# What age should i move my RD fry?



## meedee1209 (Dec 23, 2010)

Hi i currently have a second lot of Red devil fry, the first lot day 3 i moved with a net, all seemed well..... all was not well.. bye bye fish

now im wondering when is the safest age/week to move the red devil fry from the tank from their parents with a small net into a smaller tank?

or should i just leave the 150+ red devil fry in with the seperated perants?
(they got nasty to eachother week 1+ so we separated them and now share the fry amongst themselfs.... some being with the suspected father most with suspected mother (gender unknown)

Thanks =)


----------



## TheFishGuy (Apr 21, 2005)

They will raise fry untill they are ready to spawn again. As for removing fry I remove half the spawn a few days after they become free swimming. It's all about feeding. You need to feed newly hatched brine shrimp or decapsulated brine shrimp eggs.

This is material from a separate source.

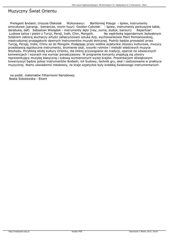 VIII Liceum Ogólnokształcące i 58 Gimnazjum im. Władysława IV w Warszawie - Start Muzyczny Świat Orientu Prelegent – Urszula Oleksiak Wykonawcy: Bartłomiej Połyga - śpiew, instrumenty smyczkowe (sarangi, kemancze, morin huur) Gwidon Cybulski - śpiew, instrumenty perkusyjne tabla, darabuka, daf) Sebastian Wielądek - instrumenty dęte (ney, zurna, duduk, bansuri) Repertuar: Ludowe tańce i pieśni z Turcji, Persji, Indii, Chin, Mongolii. Na wędrówkę legendarnym Jedwabnym Szlakiem zabiorą słuchaczy artyści zafascynowani sztuka Azji, wychowankowie Marii Pomianowskiej, niestrudzonej propagatorki dawnych instrumentów muzyki etnicznej. Podróż będzie prowadzić przez Turcję, Persję, Indie, Chiny aż do Mongolii. Podążając przez wielkie azjatyckie obszary kulturowe, muzycy przedstawią egzotyczne instrumenty, brzmienie skal, rysunki rytmów i melodii właściwych muzyce Wschodu. Przybliżą istotę kultury Orientu, dla której przywiązanie do tradycji, oparcie na odwiecznych konwencjach i wzorach ma wymiar ponadczasowy. W programie koncertu znajdują się utwory reprezentujący muzykę klasyczną i ludową wymienionych wyżej krajów. Prezentacjom dźwiękowym towarzyszyć będzie pokaz instrumentów – ich budowy, technik gry, skal i zastosowania w praktyce muzycznej. Warto uświadomić młodzieży, że kraje azjatyckie były kolebką światowego instrumentarium. na podst. materiałów Filharmonii Narodowej: Beata Sobolewska - Ekiert http://wladyslaw.edu.pl Kreator PDF Utworzono 1 March, 2017, 18:07

Small fry are very hungry all the time!


----------



## meedee1209 (Dec 23, 2010)

How do you suggest removing them? as the last time i removed them with a net they were all found dead the next day....

and what do they do with the fry when they're ready to spawn again? eat them?


----------



## TheFishGuy (Apr 21, 2005)

Yes, they will eat them.

Was the fry tank filled with water from the main tank? Was it cycled?

A net works or a siphon for removing fry.


----------



## smitty (May 7, 2004)

I would leave them with the mother for as long as she protects and cares for them.


----------



## homerl (Jan 6, 2009)

I left my synspilum/red devil fry with there parents when there were 300 strong,forgot to mention there is two of the biggest red bellied piranhas you have ever seen(posted pictures in many forums).There are still at least 75 young ones ranging in size from 1"-4".
Don't always believe that leaving them with the parents they will be gone,on the contrary I believe I have now at least two generations since the first ones were born.
The problem is I won't sell or give them away because I do not want a cross strain into the system,it doesn't help anyone.
I only feed one time in the morning and that is very limited,but mom ,dad,and the piranhas because of the size of the young ones now cannot control the population on there own(really never could because of the amount).Cleaning is a job on it's own.Good luck :thumb:


----------